Trans. Nonferrous Met. Soc. China 29(2019) 1510-1515
Synthesis of Cu nanoparticles by chemical reduction method
M. S. AGUILAR1, R. ESPARZA2, G. ROSAS1
1. Instituto de Investigacion en Metalurgia y Materiales, UMSNH, Morelia Michoacan, 58000, Mexico;
2. Centro de Fisica Aplicada y Tecnologia Avanzada, UNAM, Santiago de Queretaro, 76230, Mexico
Received 29 September 2018; accepted 4 April 2019
Abstract:
Cu nanoparticles (CuNPs) have been synthesized through an easy route by chemical reduction at room temperature. The Cu2+ ions were reduced and stabilized with sodium borohydride and polyvinylpyrrolidone, respectively. The effect of the variation of the reducing agent/precursor-salt (RA/PS) ratio on the size and morphology of the CuNPs was evaluated. The synthesized material was studied by ultraviolet-visible (UV-Vis) spectroscopy, X-ray diffraction (XRD), scanning electron microscopy (SEM), and transmission electron microscopy (TEM). The UV-Vis spectra showed a CuNPs plasmon peak at 569 nm and another peak belonging to Cu2O at 485 nm. XRD analysis showed the fcc-Cu phase with a small amount of fcc-Cu2O compound. SEM and TEM studies displayed that small semispherical CuNPs of approximately 7 nm were obtained at the RA/PS ratio of 2.6. The excess of polyvinylpyrrolidone stabilizer played an essential role in preventing CuNPs oxidation. On the other side, Cu2O polyhedral particles with larger sizes up to 150 nm were identified in the RA/PS ratio range of 2.0-1.84. In addition, Cu2O particles having star morphologies with quantum confinement at their tips were obtained at the RA/PS ratio of 1.66.
Key words:
Cu nanoparticles; NaBH4; chemical reduction; polyvinylpyrrolidone stabilization; Cu2O;
1 Introduction
In recent years, interest in the controlled synthesis of new nanomaterials has increased dramatically due to their wide range of applications in various areas of technology. However, the development of metal particles for nanoelectronic devices is affected by their instability and reactivity [1]. For example, synthesis of pure copper nanoparticles (CuNPs) is rare unless entire procedure is carried out in an inert atmosphere [2,3]. Although many synthesis processes of CuNPs report the use of a controlled atmosphere, they still obtain a mixture of Cu and Cu2O [4]. Therefore, the synthesis of stable Cu nanoparticles remains a challenge.

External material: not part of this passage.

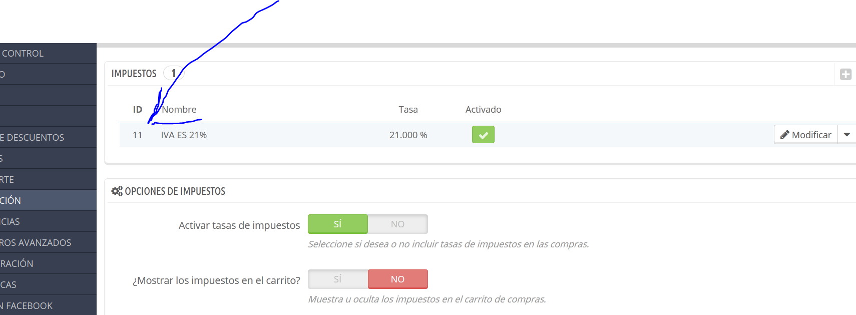 M-MAX audio Posted October 12, 2014 Author Share Posted October 12, 2014 Ya te lo comentado donde aquí: update ps_product set id_tax_rules_group = ID_REGLA_IMPUESTOS; update ps_product_shop set id_tax_rules_group = ID_REGLA_IMPUESTOS; digo: ID_REGLA_IMPUESTOS colocas el numero id. Pero hablo del ID, de la regla de impuestos (localización -> reglas de impuestos) no del id de la pestaña localización -> impuestos Bueno en mi caso tengo en los dos el ID 11 tanto en impu. como en regla, los dos con un solo impuesto "IVA es 21%" con id 11 en ambos. Link to comment Share on other sites More sharing options...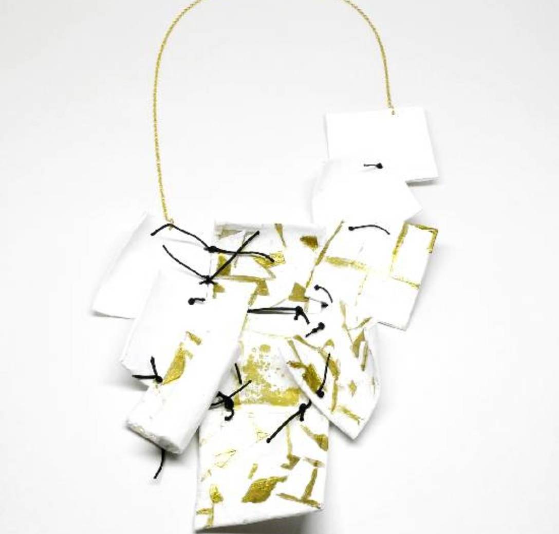 Collar realizado con celulosa, plasmada y pintada a mano. La cadena es de plata bañada oro.

Several methods have been used to synthesize CuNPs, such as chemical reduction [5], electroreduction process [6], polyol method [7], laser ablation [8] and microwave irradiation [9]. Chemical reduction is one of the most feasible methods for the synthesis of nanoparticles and offers potential advantages, such as rapid and low-cost processing, and controlled particle size. For example, copper nanoparticles have been reported using L-ascorbic acid as reducing and capping agent in aqueous medium [10]. Regularly, surfactants such as polyvinylpyrrolidone (PVP) [11-13], cetyl- trimethyl-ammonium bromide (CTAB) [12] and sodium dodecyl sulfate (SDS) [11] are used to prevent growth and control oxidation. CuNPs have applications in catalysis [14,10], antibacterial agents [15], solar cells [16], nanodevices, nanoelectronics, and nano- sensors. In addition, copper is an important material because it has high electrical, optical and thermal properties.
In the present investigation, CuNPs were synthesized using a chemical reduction method. For this propose, sodium borohydride was used due to its high reducing capacity and polyvinylpyrrolidone for growth control, agglomeration, and avoiding oxidation. Although the most stable form of copper is copper oxide, it was possible to prevent the oxidation of CuNPs without the control of any atmosphere due to the excess of PVP used.
2 Experimental
Materials used for the synthesis of copper nanoparticles (CuNPs) are J. T. Baker-brand copper chloride (CuCl2·H2O), sodium borohydride (NaBH4), and polyvinylpyrrolidone (PVP) acquired from Sigma- Aldrich.
2.1 Synthesis of CuNPs
The synthesis of CuNPs was achieved through the reduction of CuCl2·H2O with NaBH4 in the presence of PVP. The reaction was carried out under magnetic stirring at room temperature. To synthesize the nanoparticles, initially, a dilution of 10 mL (5.6, 7.3, 7.9, 8.8 mol/L) of precursor salt, 7.7 mL (14.6 mol/L) of reducing agent, and 35 mL (0.9 mol/L) of surfactant were prepared separately. Subsequently, the reaction dilutions were made by adding the reducing agent and the surfactant agent to the precursor salt. From the above, a ratio of reducing agent to precursor salt (RA/PS) equal to 2.6, 2.0, 1.84 and 1.66 was deduced. When the reaction was carried out, the color of the solution changed to black and gradually to brown, characteristic of the formation of copper nanoparticles. After the synthesis, the solution obtained was stored at 10 °C for its subsequent characterization.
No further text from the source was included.